For recycle lithium batteries, assuming that the battery pack recovery price is 18,000 RMB/ton, the pyrometallurgy and hydrometallurgy recycling cost per ton (other than the purchase of battery packs) is 5900 RMB/ton and 11300 RMB/ton, respectively, the total recycling cost is 23900 RMB/ton and 29300 RMB/ton.
For ternary recycle lithium batteries, assume that the battery pack recovery price is 38,000 RMB/ton, pyrometallurgy and hydrometallurgy recycling cost per ton (outside the purchase of battery packs) are 6,000 RMB/ton and 14,400 RMB/ton, respectively, and the total recycling cost is 44,000 RMB/ton and 52,400 RMB/ton, respectively.

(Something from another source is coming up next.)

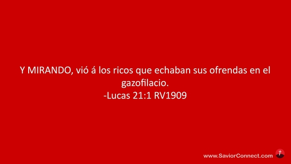 Y MIRANDO, vió á los ricos que echaban sus ofrendas en el gazofilacio. -Lucas 21:1 RV1909
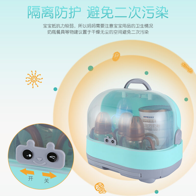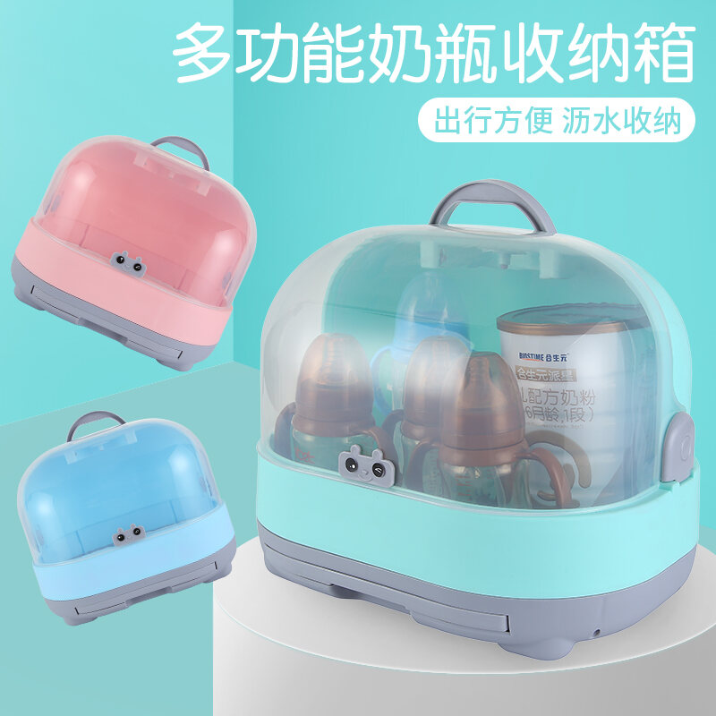 Baby Bottle Storage Box Portable Dustproof Draining Rack with Lid Baby Tableware Milk Powder Storage Box Shelf

Although the dry process is relatively simple and the recycling cost is low, there are more impurities in the product, more pollution in the treatment process, and the recovery rate of the target recycle lithium batteries is lower than that of the hydrometallurgy process, so there are some process defects.

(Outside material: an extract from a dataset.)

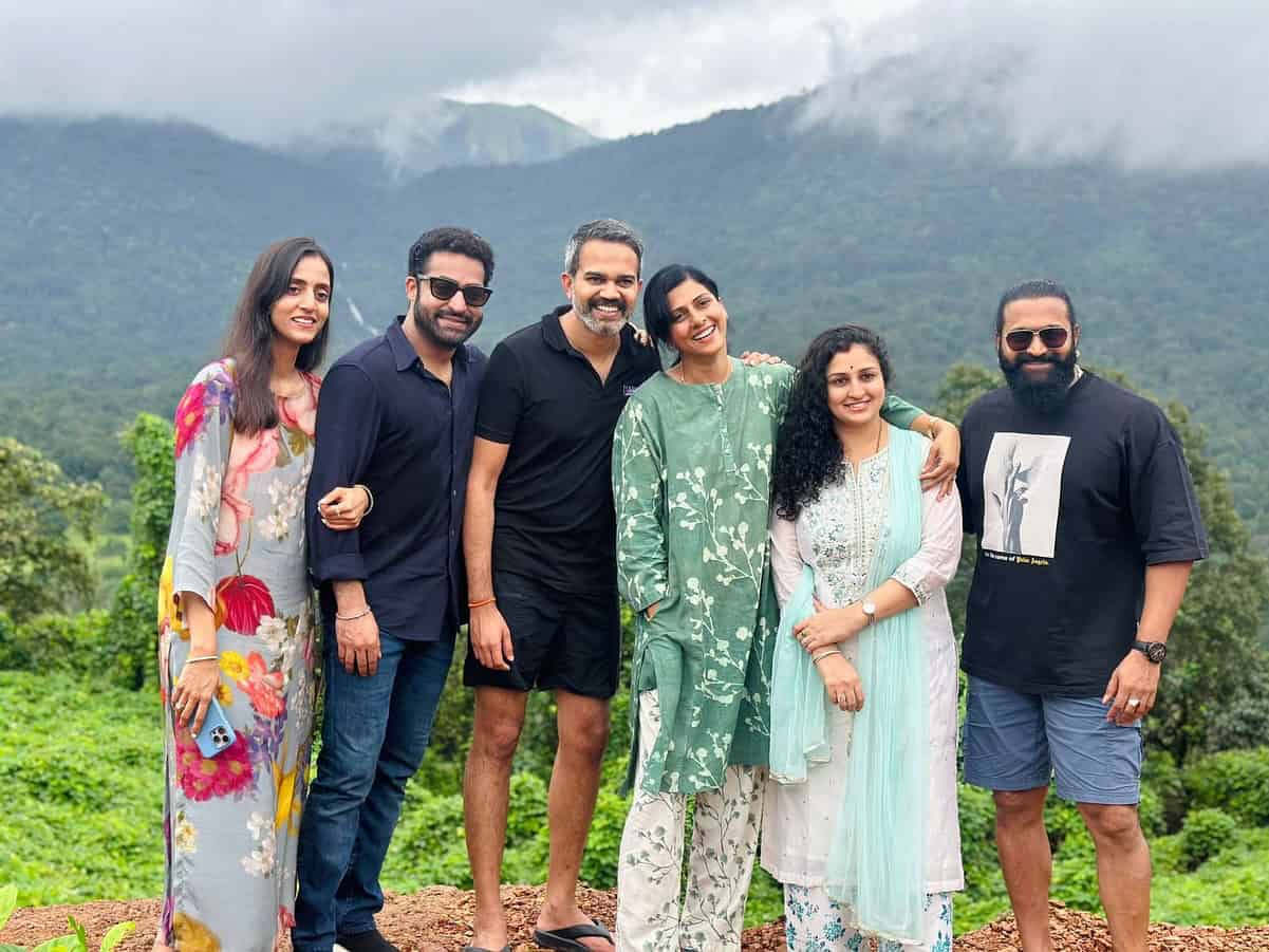 In the shared photos, Rishab Shetty appeared relaxed in a t-shirt and shorts, while Jr NTR was seen in denim and a blue shirt. Pragathi and Lakshmi Pranathi chose traditional attire—Pragathi in a white and blue salwar suit and Lakshmi in a vibrant multi-colored suit.

Therefore, the current battery recycling production line in China is mainly hydrometallurgy. For lithium iron phosphate batteries, the current main recycled products are scrap copper, lithium carbonate and iron phosphate.
Taking the lithium iron phosphate power battery pack as an example, the weight of the monomer is about 60%, the weight of the cathode material in the monomer is about 32.1% (the active material accounts for 88-89% of the cathode material), and the weight of the copper foil is about 10.8%.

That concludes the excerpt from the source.